Оба уставились на него с изумлением. Думали, наверное: «Помер, что ли, там Кузьма»? Да нет, не дождутся! Кузьму пуля не взяла, гранаты не взяли, поезд тем паче не приберёт.
– Давайте знакомиться! Кузьма!
Он волновался, потому что давно не разговаривал с не тронутыми войной людьми. Говорить, возможно, выходило громче, чем он хотел, и Кузьма изо всех сил улыбался, чтобы не испугать их. Он протянул огромную коричневую лапу ему, потом ей. Тоска по женщине, копившаяся долгих четыре года, дала о себе знать, и когда прикосновение закончилось, он глядел на попутчицу безотрывно.
– А я, между прочим, героический человек, – сообщил он. – Вот этой рукой придушил фашистского командира, понимаете? Одной рукой. Потому как вторая была подбита осколком, – он с небольшим усилием согнул левую руку, – видишь? До сих пор плохо ходит.
Люди переглянулись и, судя по выражению лиц, молча согласились. Кисти Кузьмы были огромными – вполне верилось, что он мог придушить врага одной правой.
– А другой раз мне засадили пулю прям сюда, – продолжил Кузьма, показывая с улыбкой на голову.
Он сел между мужчиной и женщиной и приобнял обоих, но, конечно, больше ему хотелось приобнять даму. Его ладонь испытала уже забытое ощущение женского тела – не истощённого войной, осадой или голодом, как было под Одессой, а здоровой, упругой плоти, что ощущалось даже через платье.

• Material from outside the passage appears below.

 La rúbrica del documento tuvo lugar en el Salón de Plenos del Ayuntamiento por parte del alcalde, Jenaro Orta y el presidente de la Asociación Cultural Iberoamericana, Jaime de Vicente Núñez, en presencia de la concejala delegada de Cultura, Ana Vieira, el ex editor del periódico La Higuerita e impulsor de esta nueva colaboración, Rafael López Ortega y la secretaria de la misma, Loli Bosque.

Женщина, видимо, почувствовав его похоть, отстранилась и пересела на противоположное место, поэтому он скоро пришёл в себя. Мужчина обмяк под его прикосновением, но всё это время не шелохнулся, опустил взгляд и грустно слушал.

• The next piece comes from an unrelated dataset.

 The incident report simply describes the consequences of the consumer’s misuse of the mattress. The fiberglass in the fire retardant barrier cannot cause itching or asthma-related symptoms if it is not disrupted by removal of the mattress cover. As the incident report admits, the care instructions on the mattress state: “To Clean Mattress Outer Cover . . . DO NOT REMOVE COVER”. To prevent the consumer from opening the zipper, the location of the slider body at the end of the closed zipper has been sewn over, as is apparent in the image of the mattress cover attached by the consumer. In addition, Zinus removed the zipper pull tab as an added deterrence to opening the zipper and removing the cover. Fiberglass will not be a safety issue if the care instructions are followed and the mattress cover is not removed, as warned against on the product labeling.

– Я на него смотрю, и он на меня смотрит. Стреляем оба, а у меня патроны всё, ёк! А у него ещё два было! Вот и попал. Сюда и сюда.

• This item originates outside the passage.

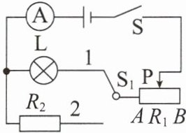 将S₁接2,滑片移至A端时,只有电阻为R₂的定值电阻接入电路,电路总功率P₂=UI。

Кузьма показал на правую часть шеи, где пуля пошла по касательной, лишь вспоров кожу, и на нижнюю челюсть, куда вошла вторая и застряла, пробив полголовы, но не дойдя до мозга.
– Шесть хирургов меня смотрело! – он показал пятерню, потому что вторая рука всё ещё лежала на плече соседа. – Шесть! – он загнул палец. – И все развели руками: можно убить, если извлекать. Пусть так помрёт. Поэтому я тут приговорённый. Не надо совершать резких движений, не надо нервничать, не надо ударяться. В общем, осторожно себя вести и всё такое. Тогда проживу. Но может всё равно пройти, чертовка, и прибьёт Кузьму. То есть вроде как есть надежда на хорошее, но если начну дёргаться, то…– он с улыбкой развёл руками. – Как тебе расклад? Я с тех пор ещё год провоевал…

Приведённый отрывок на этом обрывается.